His Name is Tripod, and He Wears a Beret


A Wegman dog, front-loaded

I treat this blog in a manner very similar to those people who like to dress up their pets in little outfits. That is, it's my precious, of infinite fascination to myself even though to other people ....

not so much

Naturally, I like to give it pretty things, like a site-visit counter and a home on Technorati.

Thus, when I discovered a website that allows you to create your own free Internet polls -- and not only to create them but to rotate them through your blog, each return to the blog resulting in the appearance of yet another poll from your "playlist," I could not resist the opportunity any more than the average American could resist putting a Santa outfit on a kitty.

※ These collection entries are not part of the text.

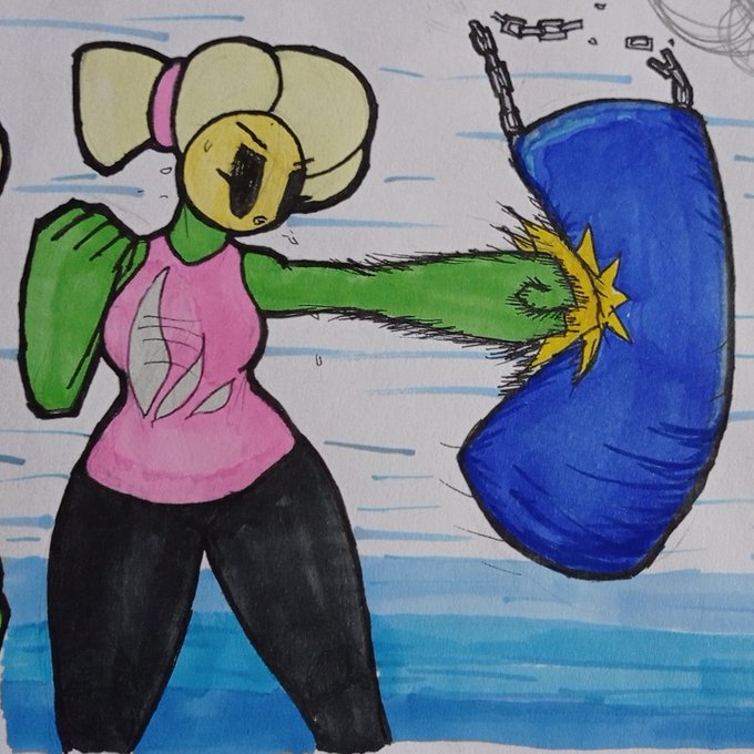Stela training Besides she trains a lot with the boxing bag, she always was very strong. So strong that she lifted up her husband car like it was a pillow. 🔁 and ❤️ are very appreciated 😃 #oc #ArtistOnTwitter #plantas #characterdesign #flower #strongwomen
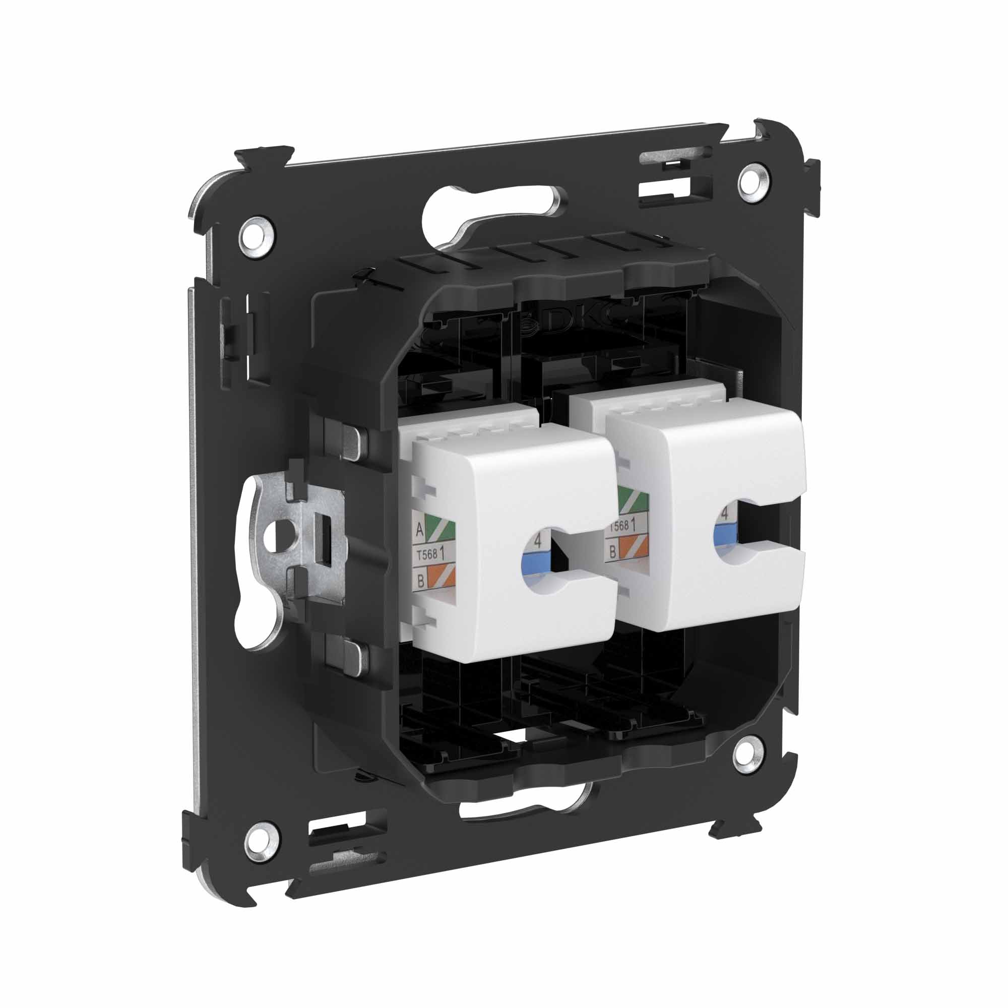 Компьютерная розетка RJ-45 без шторки в стену, кат.6А двойная, "Avanti", "Черный квадрат"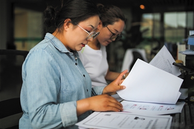 “格桑花开”大学生就业创业特训营学员、西藏藏建科技股份有限公司职员次仁琼达(左)在工作(2022年6月24日摄)。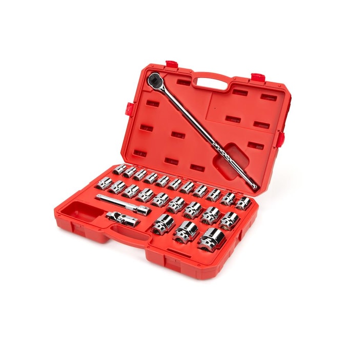 The TEKTON 3/4 Inch Drive 12-Point Socket and Ratchet Set includes a range of socket sizes from 19 to 50 mm. The set comes equipped with a 72-Tooth quick-release ratchet as well as a universal joint and 8-inch extension, which aren’t often found in most sets. All of the tools come stored in a sturdy carrying case. The 12-point socket openings are an exact fit for double hex fasteners and also work with hex and square shapes. The large, die-stamped markings are permanently impressed into the material and optimized for readability. A mirror chrome-plated finish protects against corrosion and easily wipes clean. The TEKTON 3/4 in. drive socket system is well-suited for big service and repair jobs on heavy equipment, trucks, tractors, and large machinery and consistently meets or exceeds the industry standards for socket strength and performance.

In the service of efficiency, I quickly knocked together a couple of polls to go with my first stoke, my prized "favorite bigot" poll, and out the blue -- a profound blue shading toward violet like Elizabeth Taylor's eyes -- came the poll question "If you had a three-legged dog, which leg would you prefer to be missing."

I have a strong admiration for three-legged dogs. I consider them brave, good, exemplary. I am not disrespecting three-legged dogs. But I somehow assumed that it would be better to be missing a rear leg than a front leg.

Early poll results suggest I was wrong, and maybe I was, the dog pictured above to the contrary. I suppose it is better to be able to rear up on your haunches than to be able to pull yourself forward like a car with front-wheel drive.

If anyone has some insight, personal or otherwise, on this question, I would certainly welcome it. I don't want to seem callous, not when it comes to three-legged dogs.

1 comment:

B. Wieder said...

Rear leg loss said to be easier on the dog. Our experience with dog leg loss was so utterly awful that you don't want to know about it. I applaud any and all tri-dogs who've pulled it off.